EXTENSIONS OF REMARKS


July 19, 1971


Page 25970


THE HERITAGE OF MAINE

(Remarks by Senator EDMUND S. MUSKIE at the Narraguagus Regional High School Commencement, Harrington, Maine, June 11, 1971)


I am proud to share this moment with you because your graduation has a very special meaning for me.


My first statewide campaign began in the year most of you were born. As high school seniors in 1971, you have lived a larger part of your lives as my constituents than anyone else.


You are too young to recall my time as Governor or my first years in the Senate. You had more important things to do than noticing my career. You were learning to walk and to speak, to laugh and to love, to care about people and places.


Through all those years, you – like every other citizen of Maine – had a right to my concern and my commitment and my service. I have tried not to let you down – and I hope you think I have succeeded – if not always, at least often enough. Now, on your graduation day, I have come home again to fulfill another tradition of public men. I have come to Narraguagus High School to speak directly with each of you for the first time, Senator to constituent.


The only frank and honest way for me to start is by noting some apprehensions in Maine about my present course. It is no secret that I am thinking of running for President. And some of my friends and neighbors have made no secret of their fear that I am turning away from Maine – that somehow, sometime, my roots here have been weakened – that I care less now than I did before about the land which has given me life and opportunity.


None of my words could wholly relieve those apprehensions. And this is not the time or the place to talk about politics. But I would like to share with you tonight some of the beliefs I have learned during more than a half-century in Maine. They are what led me to public life in the first place. They are the reason for my conduct now – and the reason I may run for President next year. They are beliefs rooted in the traditions of our state. They are the same beliefs I hope you will take with you from this school and this graduation.


I hope Maine has taught you – as it once taught me – to care about our environment – about the earth God made and the earth man has remade.


To walk through the woods near Cherryfield, to fish in the Narraguagus, to pick blueberries a few yards from your back door, to see the clean, simple streets and homes of Milbridge is to understand how much it means to keep our world safe for a truly human existence. That is the challenge and the chance for all of us, each in our own lives. I found it in Rumford and you have found it here. It is the common heritage of Maine.


I hope Maine has also taught you – as it once taught me – to care about economic decency for people.


My high school graduation came in the midst of the Great Depression. In those years, I saw hunger and sorrow in my own town, next door and down the block. And you have seen some of the same things here, in the poorest county in the Northeastern part of America. Maine is fighting now as it always has to build something better. And none of us can ever abandon that fight.

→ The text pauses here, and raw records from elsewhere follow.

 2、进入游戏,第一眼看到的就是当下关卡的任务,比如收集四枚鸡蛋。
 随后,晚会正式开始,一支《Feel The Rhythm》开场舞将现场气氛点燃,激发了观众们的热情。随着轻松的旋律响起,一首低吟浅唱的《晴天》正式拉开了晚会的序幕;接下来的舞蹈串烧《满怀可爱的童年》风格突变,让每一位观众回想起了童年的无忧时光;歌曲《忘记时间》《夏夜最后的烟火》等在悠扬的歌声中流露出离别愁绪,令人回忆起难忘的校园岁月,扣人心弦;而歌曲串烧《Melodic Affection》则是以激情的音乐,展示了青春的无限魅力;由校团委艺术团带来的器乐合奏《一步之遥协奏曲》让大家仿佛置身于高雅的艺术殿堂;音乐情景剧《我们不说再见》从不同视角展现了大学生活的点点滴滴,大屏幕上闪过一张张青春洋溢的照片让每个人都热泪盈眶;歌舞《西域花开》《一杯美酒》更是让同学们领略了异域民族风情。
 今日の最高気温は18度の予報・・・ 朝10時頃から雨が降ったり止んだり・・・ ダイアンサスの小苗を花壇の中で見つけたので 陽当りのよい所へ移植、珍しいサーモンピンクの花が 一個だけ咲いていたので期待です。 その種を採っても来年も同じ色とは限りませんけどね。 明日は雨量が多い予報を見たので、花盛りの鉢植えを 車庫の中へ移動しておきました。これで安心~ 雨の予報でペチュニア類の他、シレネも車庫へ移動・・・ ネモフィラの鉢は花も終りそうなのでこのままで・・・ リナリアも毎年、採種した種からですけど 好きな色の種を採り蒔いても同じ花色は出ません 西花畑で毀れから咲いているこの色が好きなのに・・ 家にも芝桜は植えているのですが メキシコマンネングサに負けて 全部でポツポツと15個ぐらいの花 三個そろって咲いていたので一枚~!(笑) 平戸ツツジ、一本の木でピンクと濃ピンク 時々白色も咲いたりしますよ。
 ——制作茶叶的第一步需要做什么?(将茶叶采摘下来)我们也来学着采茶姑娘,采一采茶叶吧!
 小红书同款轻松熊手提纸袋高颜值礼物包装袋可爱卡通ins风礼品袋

And I hope Maine has taught you – as it once taught me – to care about community and mutual trust.


As a child, I felt the slights of an immigrant's son. But I also felt the respect my father earned as he made a place for himself and his family. I have always remembered a truth you have probably already discovered – that the quiet, reserved citizens of Maine know how to overcome prejudice and bring people together. The struggle is far from over, in this state or any other. And its ultimate outcome depends on us.

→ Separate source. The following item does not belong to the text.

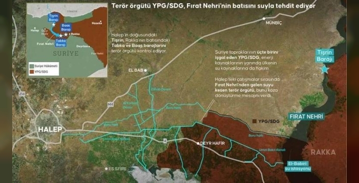 Suriye'de topraklarının önemli bir kısmını işgal altında tutan YPG/SDG terör örgütü, Fırat Nehri üzerindeki barajlar ve su kaynakları üzerindeki kontrolünü kullanarak yeni bir tehdit unsuru oluşturuyor. Halep kent merkezi ve çevresindeki milyonlarca insanı susuz bırakma riskiyle karşı karşıya bırakan örgütün bu eylemi, uluslararası hukuk açısından da ciddi tartışmalara yol açıyor.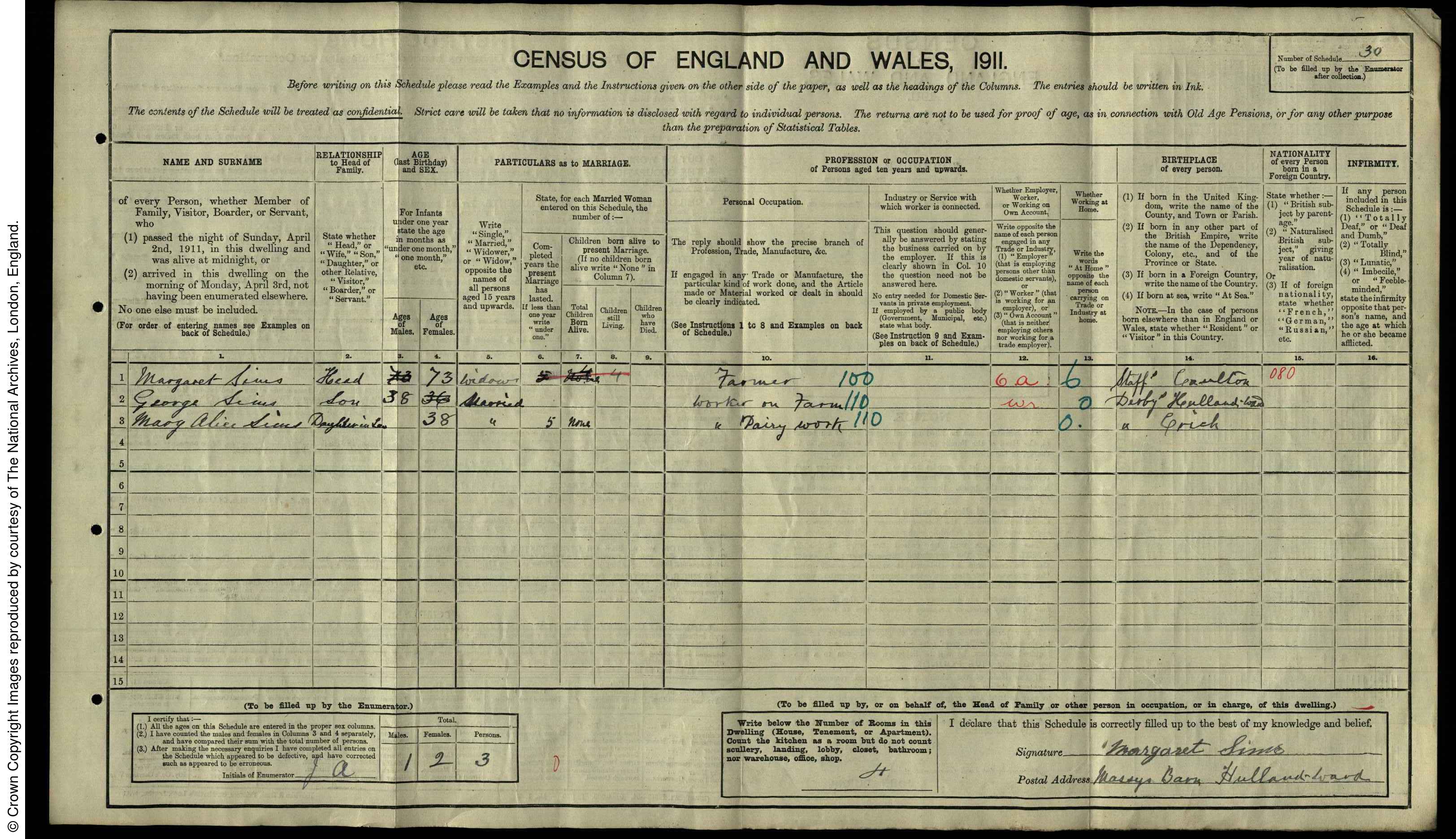 | 1 | 30 | Margaret | Sims | Head | 1838 | Calton | 73 | Female | Widow | | | | Farmer | | | | | | 2 | 30 | George | Sims | Son | 1873 | Hulland Ward | 38 | Male | Married | | | | Worker on Farm | | | | | | 3 | 30 | Mary Alice | Sims | Daughter-in-Law | 1873 | Crich | 38 | Female | Married | 5 | 0 | 0 | Worker Dairy Work | | | | |

Finally, I hope Maine has taught you – as it once taught me – to care about other people and other places.


Only a few years after I returned from law school to Waterville, thousands of us left the state to defend freedom on the other side of the globe. Some of Maine's men died for foreigners they did not know and could not even talk with. But they knew how vital it was, in Dietrich Bonhoeffer's phrase, to "live for others." They knew that neither a man nor a state could in good conscience forget the rest of the country or the rest of the world.

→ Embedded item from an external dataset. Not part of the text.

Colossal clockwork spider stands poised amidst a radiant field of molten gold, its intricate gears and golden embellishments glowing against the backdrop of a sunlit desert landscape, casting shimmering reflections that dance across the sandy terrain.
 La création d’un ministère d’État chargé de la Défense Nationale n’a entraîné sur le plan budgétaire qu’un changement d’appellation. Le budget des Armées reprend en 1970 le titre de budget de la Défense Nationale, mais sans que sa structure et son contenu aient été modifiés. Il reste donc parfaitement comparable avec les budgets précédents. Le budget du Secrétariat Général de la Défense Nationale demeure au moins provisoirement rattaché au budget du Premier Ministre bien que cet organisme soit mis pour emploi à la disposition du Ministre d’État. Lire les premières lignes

Their example must inspire our efforts. Each of us has a part to play. All of us must stretch outselves to defend our beliefs. And none of us can settle for our own success alone, in this city or this state or this nation.


As we work to realize the principles we have learned in Maine, we will disagree about policies and politics, one from another. That is not important. What is important is to care and to act in the tradition of Maine. Whatever I do and whatever you do, that must remain our common compass.


It can direct so many of the decisions you and your classmates already face.


Will you move out of Maine – or will you remain or return later to help shape this beautiful state into a better place to live? Will you then look only to yourselves and your town and our state – or will you look beyond our borders to apply what you have learned here to make a difference elsewhere?


Will you turn off and cop out – or will you use your new right to register and to vote – to make your voices heard and your views count?


None of you know where fate and the work of your own hands will take you in the decades ahead. Thirty-nine years ago, when I graduated from Stephens High School, I could not even dream of the opportunity Maine would bestow upon me and my family. But I was anxious to reach out and touch the promise of things to come.


That should be your resolution as you leave high school tonight – and it should be your resolution through all the years of your lives. You will find, as I have found, that you must choose again and again. There will always be new promises to reach for and new potentials to realize. There will always be challenges to the principles Maine has made a part of each of you. And there will always be another chance, here and elsewhere, to build a future equal to your heritage.


No citizen worthy of this state can decide to forget the spirit of this state. I believe you will remember. I believe you will care. And I believe you will give of yourselves for Maine and the nation and your fellow men.


Perhaps the most important truth I have learned in my years of public service is that you are important. This is your night – and it is not a night for long speeches. So I would like to stop now. And I would also like to thank each of you for sharing your special moment with me.


Everything I am and everything I hope to be is due to Maine. You and your parents and this state have given me the central belief of my life. It has guided me and I hope it will guide you. In Maine and in America and in the world, whatever we can do, and whatever we dream we can do, we must begin now.